Pressure mounts to increase Machu Picchu visitor limit ahead of UNESCO expert’s visit
[Originally published September 12, 2011] Peru’s Culture Minister Susana Baca warned that allowing a major daily increase in the number of tourists to Machu Picchu could mean not only the deterioration of the Inca Citadel, but also risk the wrath of UNESCO, which could add Peru’s top tourist attraction to an infamous list of endangered sites.
Peru’s Tourism Ministry recently contended in a report that Machu Picchu could handle up to 5,479 visitors per day.
Baca told tourism trade publication T-News that that conclusion was under review, but added that in the meantime, the maximum number of visitors remains at 2,500 people per day.
“We must take care of our patrimony,” she said. “What would we prefer, to kill Machu Picchu or to maintain it?”
Baca said an Egyptian specialist from UNESCO is scheduled to arrive to Cusco in October to analyze the situation.
Deputy Minister of Tourism, Claudia Cornejo, said Baca, as Culture Minister, is entitled to assess the carrying capacity of Machu Picchu, but added that the final decision rests with the recently installed Management Unit of Machu Picchu Sanctuary, which is comprised of representatives from her ministry and Cusco’s Regional Government.
“I understand that the Culture Ministry will conduct its own research with foreigners.
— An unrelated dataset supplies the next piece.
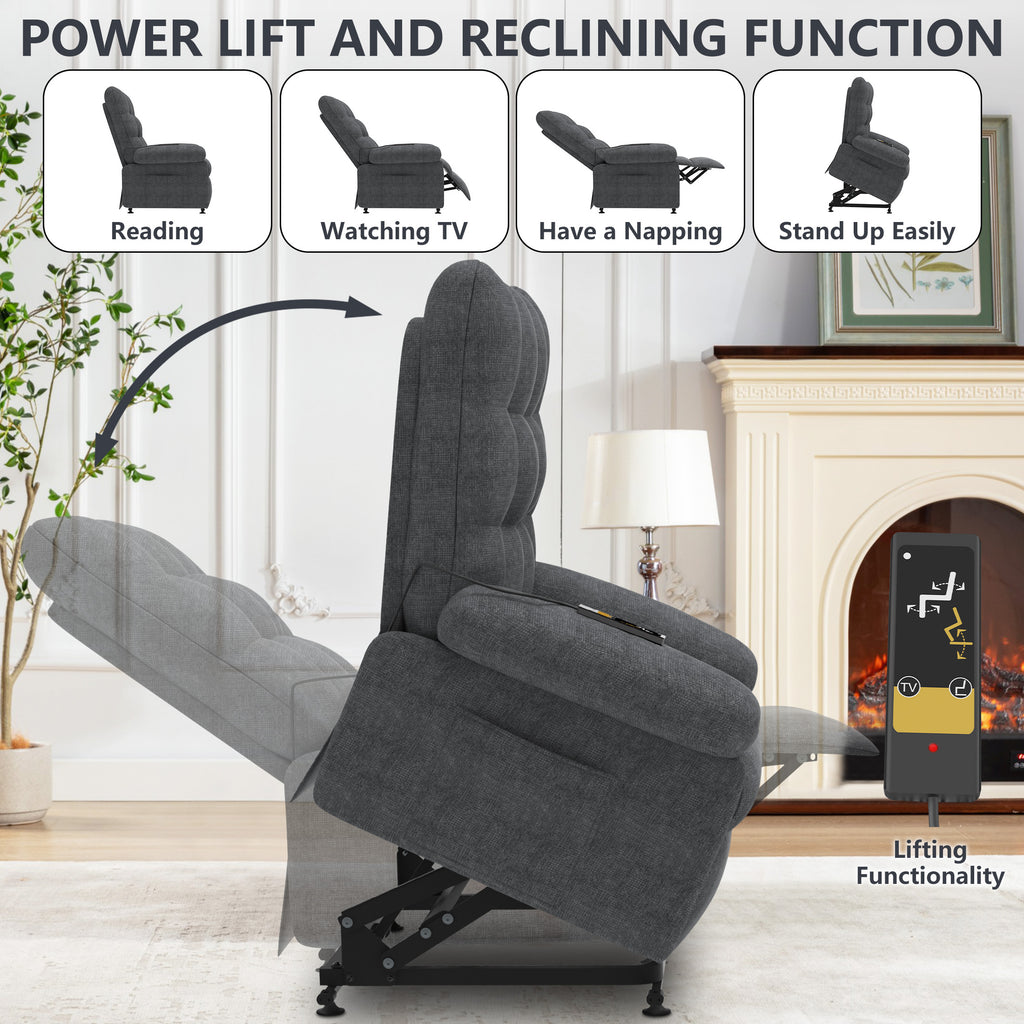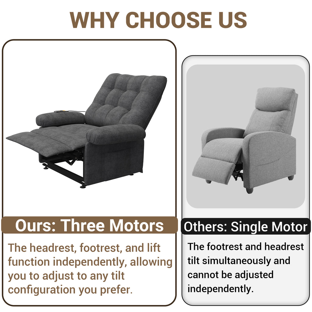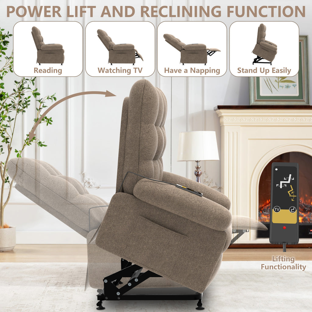 Infinite Reclining Comfort - Experience unparalleled relaxation with our Power Lift Recliner Chair, offering infinite reclining positions to find your perfect angle for reading, napping, or watching TV. It features a thickened headrest, armrests, and cushions. The extra-wide and reinforced backrest and footrest provide ample support when reclining, eliminating any feelings of crowding or discomfort.

They are within their rights to do so,” she said. “What we’re looking for is that they do it quickly. That is, if you want to bring in people from the outside to analyze things, we fully support it, but do it quickly.”
Víctor Carlotto, director of Regional Geology of Peru’s Geological Mining and Metallurgy Institute (Ingemmet) told Radio Nacional that Machu Picchu could easily handle as many as 6,000 daily visitors, provided their concentration at any one time be controlled and spaced out across the day.
“Machu Picchu is one of the few Cultural Patrimony of Humanity sites where people can arrive at seven in the morning and leave at five in the evening with no control and the people come and go as they please. Nowhere else does this happen,” Carlotto said. “Our proposal is to create three or four shifts of, say, three hours, because the circuits take at most two hours. There are short circuits that last an hour and 20 minutes.
“If you created three or four shifts, Machu Picchu could handle four or five or six thousand tourists per day, but at any one time there wouldn’t be more than 1,200 or 1,300 people on the site,” he added. “People would follow predetermined routes with guides in an orderly fashion, as it’s done at sites everywhere else. That’s the way we could do it so everyone can experience Machu Picchu.”
Carlotto and his institute have long contended that the greater danger to Machu Picchu is water filtration and the resulting threat of landslides.
During the Inca occupation of Machu Picchu in the 15th century the buildings and agricultural terraces were protected from heavy rains by an elaborate system of gutters and drains, most famously documented by the paleohydrolic engineer Kenneth R. Wright.
Today, the lack of roofs on the buildings and the lack of preservation of the drains has allowed the water to saturate Machu Picchu’s top soil and penetrate the bedrock, Carlotto said.
The roofs should be rebuilt, and the ancient system of drains restored, he concluded.